*Excerpts from a dataset*.
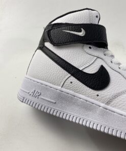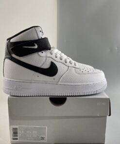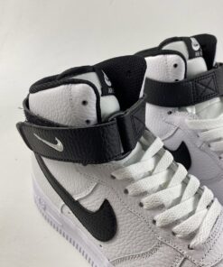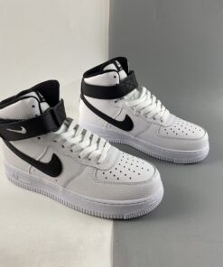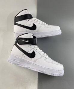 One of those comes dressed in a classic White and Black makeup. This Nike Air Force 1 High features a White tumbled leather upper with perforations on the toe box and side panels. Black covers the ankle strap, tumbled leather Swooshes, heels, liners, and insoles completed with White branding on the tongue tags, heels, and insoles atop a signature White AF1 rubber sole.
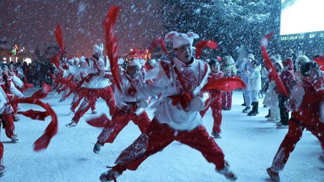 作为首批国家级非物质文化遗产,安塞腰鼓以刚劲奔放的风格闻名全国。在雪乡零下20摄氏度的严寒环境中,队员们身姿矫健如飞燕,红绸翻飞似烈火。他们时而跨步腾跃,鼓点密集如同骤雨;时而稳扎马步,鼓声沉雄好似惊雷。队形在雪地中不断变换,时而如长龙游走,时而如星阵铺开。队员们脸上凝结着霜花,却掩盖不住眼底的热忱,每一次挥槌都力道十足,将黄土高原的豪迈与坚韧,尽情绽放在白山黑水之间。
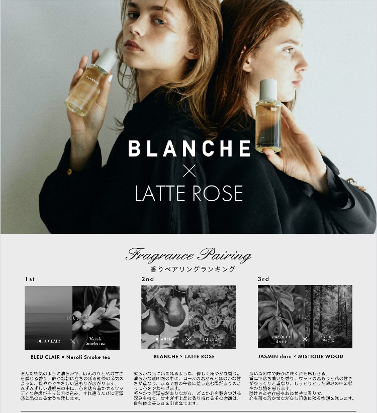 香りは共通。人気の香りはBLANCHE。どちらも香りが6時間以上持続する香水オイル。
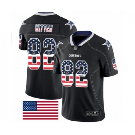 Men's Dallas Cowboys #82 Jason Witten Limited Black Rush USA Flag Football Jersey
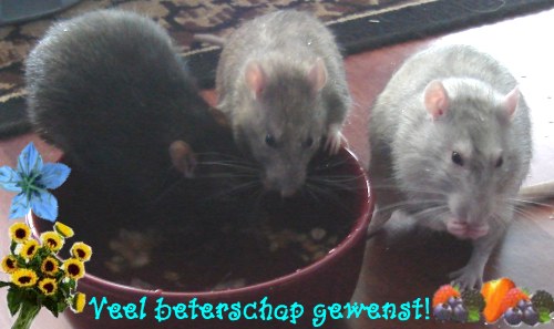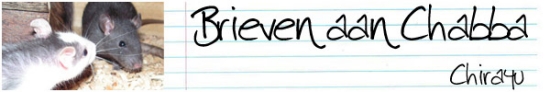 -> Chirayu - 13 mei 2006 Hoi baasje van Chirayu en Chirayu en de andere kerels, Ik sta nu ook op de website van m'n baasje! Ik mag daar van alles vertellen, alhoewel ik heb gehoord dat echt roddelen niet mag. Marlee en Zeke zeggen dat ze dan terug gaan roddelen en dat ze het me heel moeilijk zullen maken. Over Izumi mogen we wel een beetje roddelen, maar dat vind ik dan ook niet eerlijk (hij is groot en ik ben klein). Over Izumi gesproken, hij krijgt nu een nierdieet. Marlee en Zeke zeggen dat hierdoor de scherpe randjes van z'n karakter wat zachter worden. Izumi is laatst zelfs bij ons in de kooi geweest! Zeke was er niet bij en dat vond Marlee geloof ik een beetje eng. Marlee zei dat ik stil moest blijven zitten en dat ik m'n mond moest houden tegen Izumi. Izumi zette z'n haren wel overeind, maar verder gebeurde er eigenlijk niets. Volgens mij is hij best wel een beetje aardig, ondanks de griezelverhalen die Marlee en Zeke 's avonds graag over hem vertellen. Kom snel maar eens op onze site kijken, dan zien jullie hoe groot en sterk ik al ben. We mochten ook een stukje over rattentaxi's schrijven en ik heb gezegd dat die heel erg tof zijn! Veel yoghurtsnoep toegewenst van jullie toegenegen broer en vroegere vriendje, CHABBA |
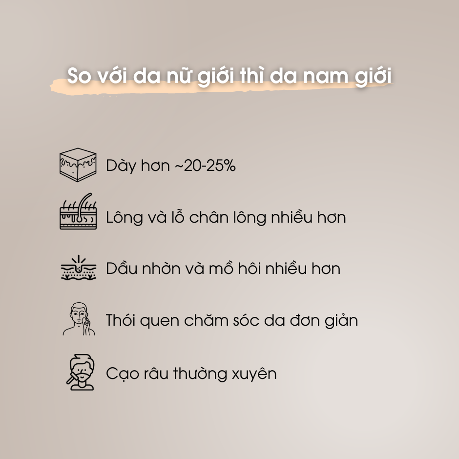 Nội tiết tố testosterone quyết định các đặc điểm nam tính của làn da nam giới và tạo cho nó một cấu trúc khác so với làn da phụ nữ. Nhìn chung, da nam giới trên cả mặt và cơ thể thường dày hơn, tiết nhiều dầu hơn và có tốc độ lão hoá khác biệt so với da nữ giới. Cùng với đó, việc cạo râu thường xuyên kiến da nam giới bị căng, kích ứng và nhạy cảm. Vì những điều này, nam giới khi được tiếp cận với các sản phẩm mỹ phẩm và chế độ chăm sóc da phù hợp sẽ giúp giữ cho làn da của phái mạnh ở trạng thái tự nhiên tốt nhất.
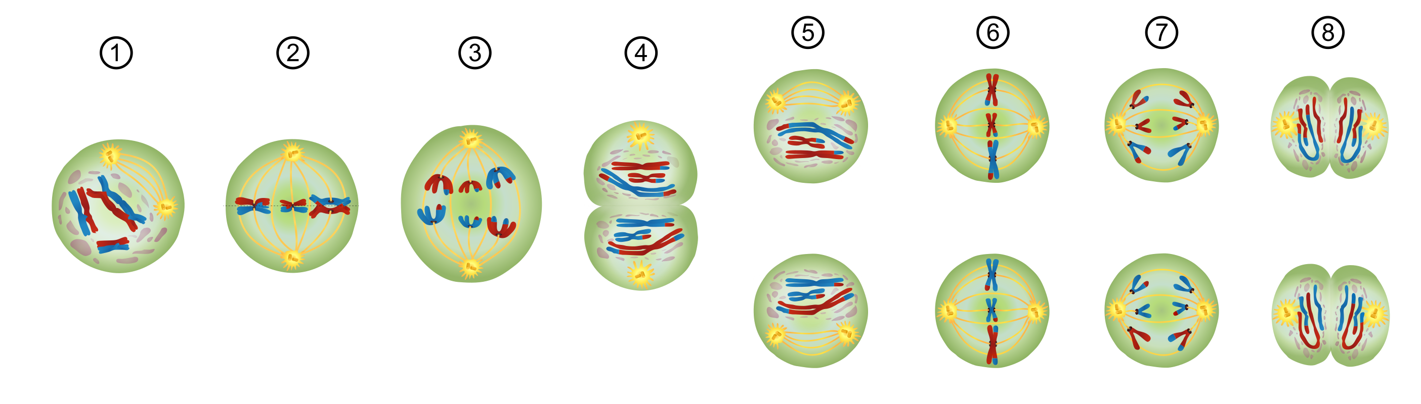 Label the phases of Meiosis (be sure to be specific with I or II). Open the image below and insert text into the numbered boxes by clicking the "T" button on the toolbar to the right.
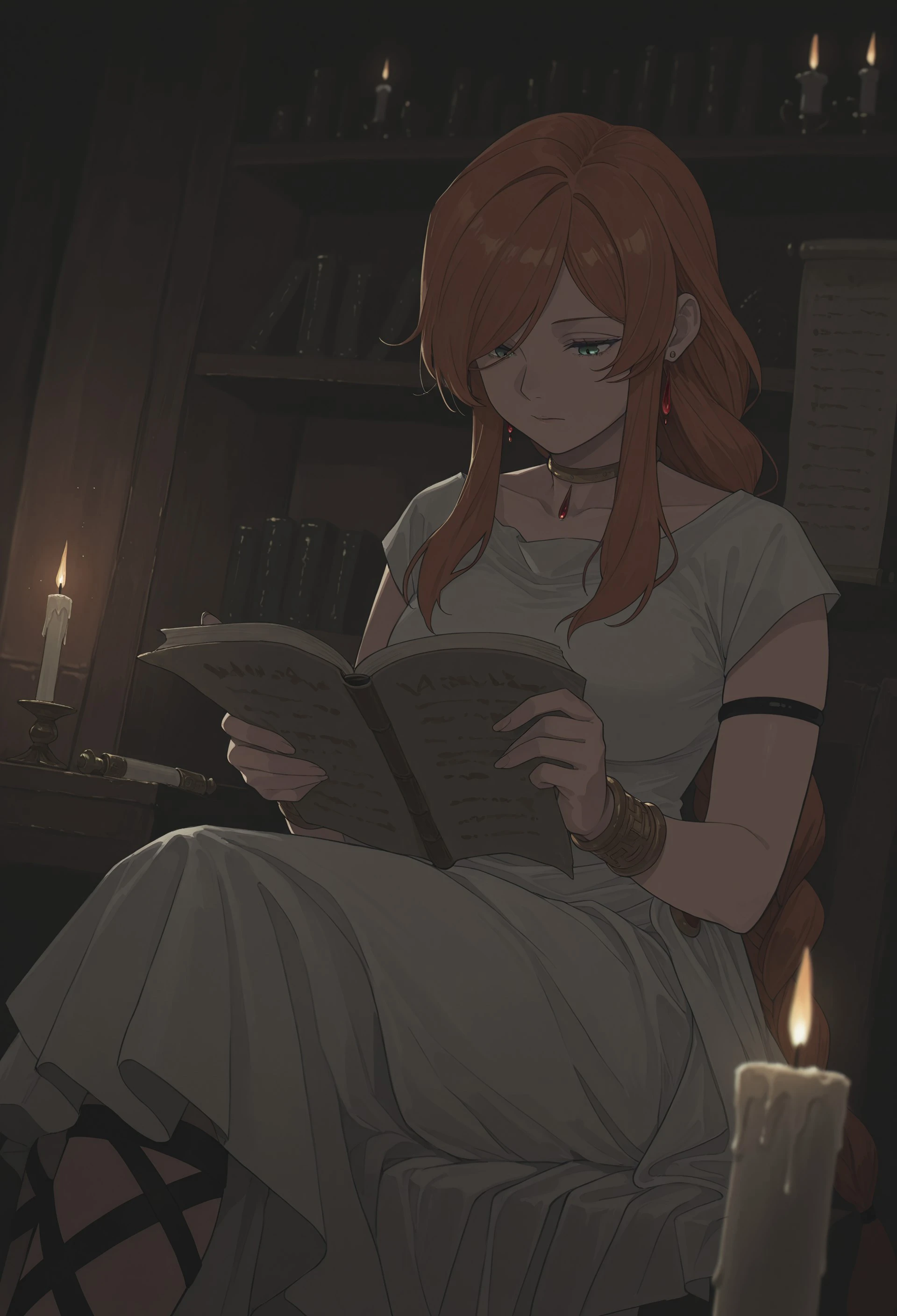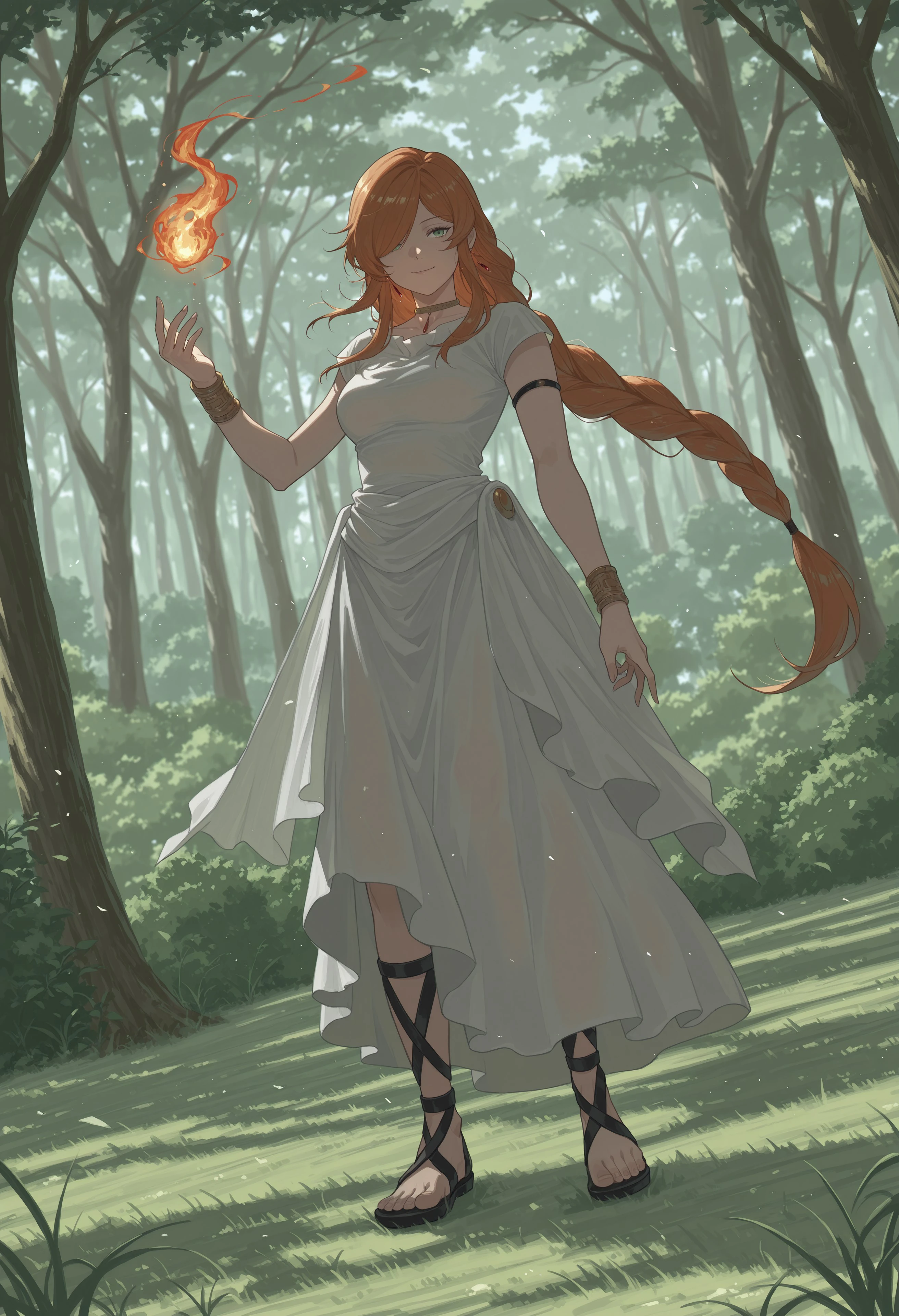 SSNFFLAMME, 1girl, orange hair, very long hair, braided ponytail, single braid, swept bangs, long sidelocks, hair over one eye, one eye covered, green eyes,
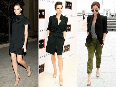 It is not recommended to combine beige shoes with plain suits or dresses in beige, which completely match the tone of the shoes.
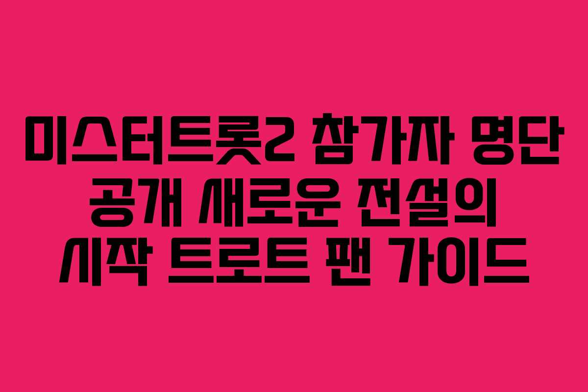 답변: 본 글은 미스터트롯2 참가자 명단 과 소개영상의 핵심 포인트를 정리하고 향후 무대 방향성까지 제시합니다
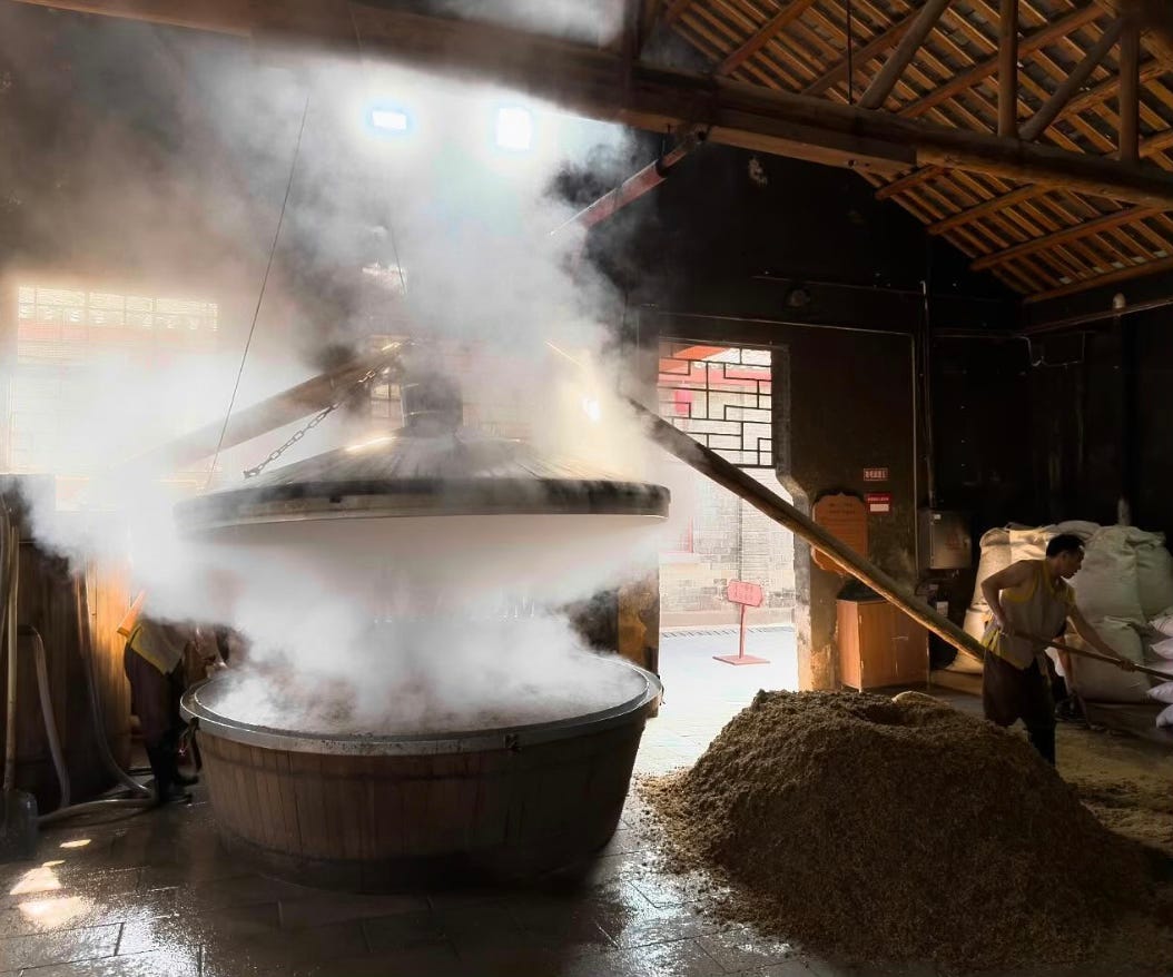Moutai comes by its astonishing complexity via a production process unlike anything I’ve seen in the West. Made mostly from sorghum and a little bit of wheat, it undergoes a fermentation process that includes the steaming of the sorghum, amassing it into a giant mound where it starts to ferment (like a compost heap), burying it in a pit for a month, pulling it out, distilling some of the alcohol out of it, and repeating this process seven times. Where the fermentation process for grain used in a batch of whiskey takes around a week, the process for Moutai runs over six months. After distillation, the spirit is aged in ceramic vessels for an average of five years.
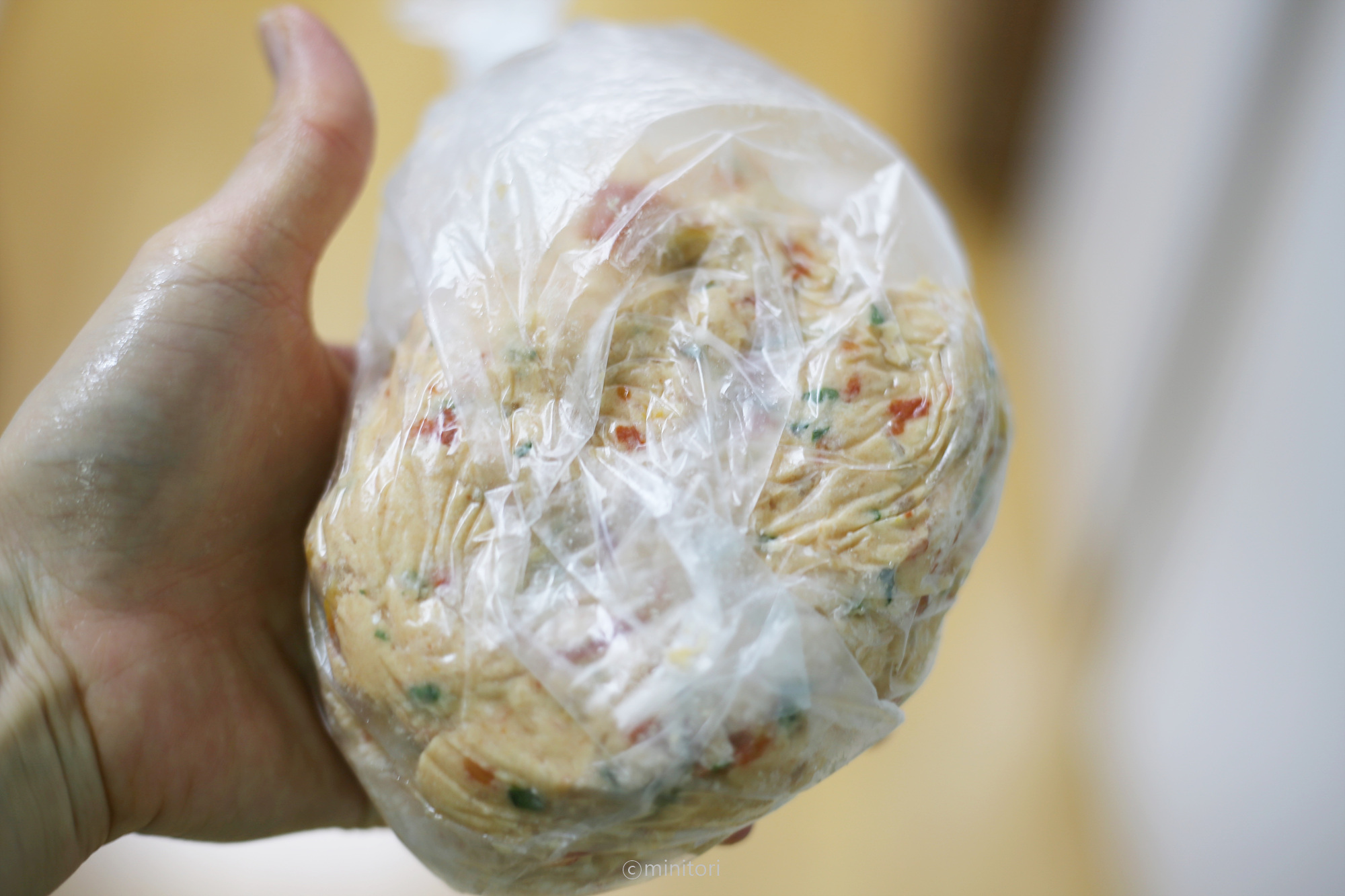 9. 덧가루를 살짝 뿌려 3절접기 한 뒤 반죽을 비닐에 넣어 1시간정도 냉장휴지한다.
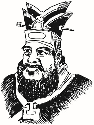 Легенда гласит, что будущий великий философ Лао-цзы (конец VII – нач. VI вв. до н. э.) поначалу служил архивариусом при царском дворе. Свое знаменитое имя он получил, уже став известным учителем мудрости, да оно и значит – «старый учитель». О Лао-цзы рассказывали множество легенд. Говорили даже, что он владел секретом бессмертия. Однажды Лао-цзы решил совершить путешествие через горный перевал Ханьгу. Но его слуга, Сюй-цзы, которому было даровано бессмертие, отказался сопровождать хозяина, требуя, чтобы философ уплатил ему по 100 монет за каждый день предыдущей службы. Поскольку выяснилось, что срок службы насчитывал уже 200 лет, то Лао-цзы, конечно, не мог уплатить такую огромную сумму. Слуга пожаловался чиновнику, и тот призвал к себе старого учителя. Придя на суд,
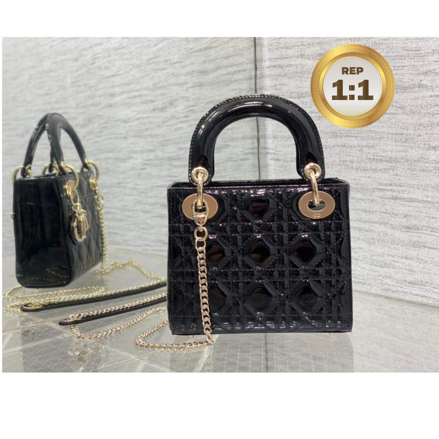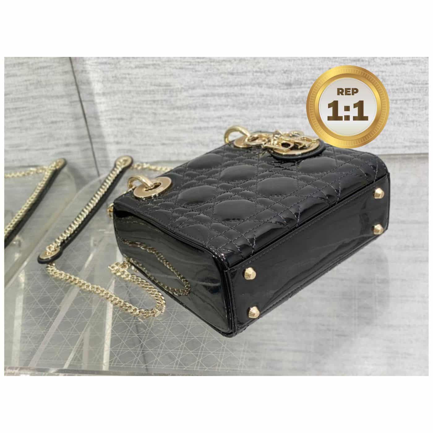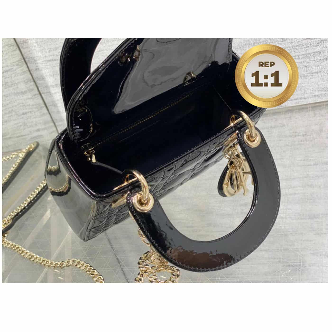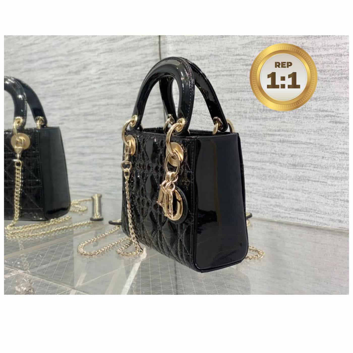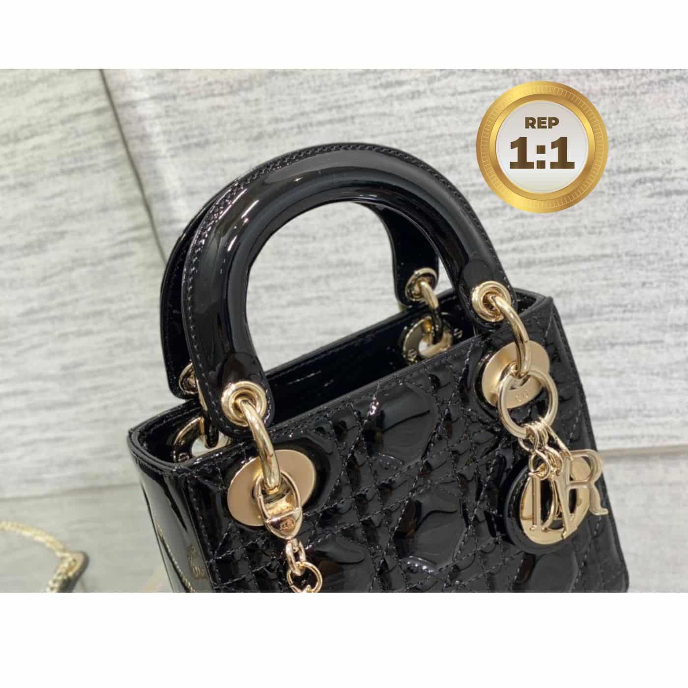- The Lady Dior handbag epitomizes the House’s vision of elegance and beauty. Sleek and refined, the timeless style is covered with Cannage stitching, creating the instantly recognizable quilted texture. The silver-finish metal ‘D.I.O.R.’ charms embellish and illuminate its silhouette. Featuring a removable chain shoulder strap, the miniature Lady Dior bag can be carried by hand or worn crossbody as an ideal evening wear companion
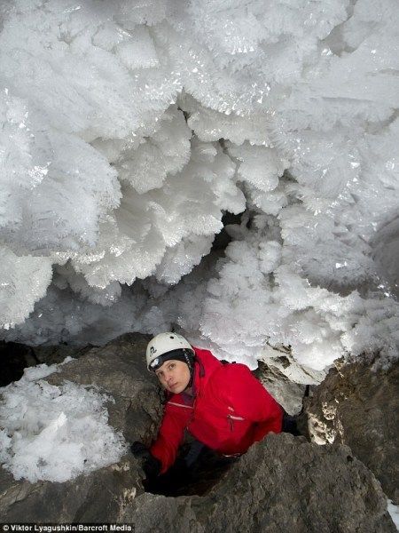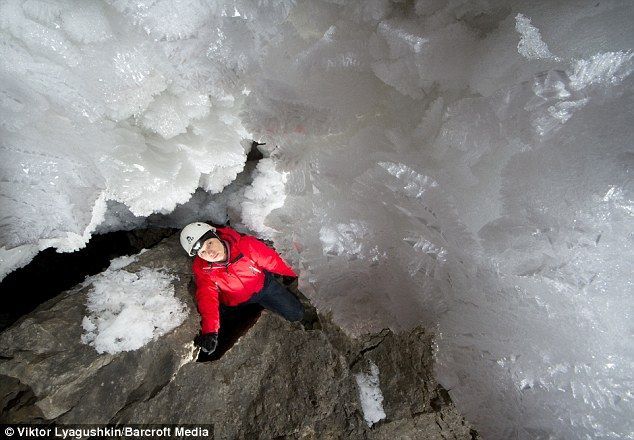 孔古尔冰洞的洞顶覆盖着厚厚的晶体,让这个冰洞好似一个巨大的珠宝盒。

*Work item*. Please set down, exactly and with no pictures, the lines in the entries above starting at the one holding "It is not recommended" and ending at the one holding "답변: 본 글은 미스터트롯2", ends included.

*Answer below*.
 It is not recommended to combine beige shoes with plain suits or dresses in beige, which completely match the tone of the shoes.
 답변: 본 글은 미스터트롯2 참가자 명단 과 소개영상의 핵심 포인트를 정리하고 향후 무대 방향성까지 제시합니다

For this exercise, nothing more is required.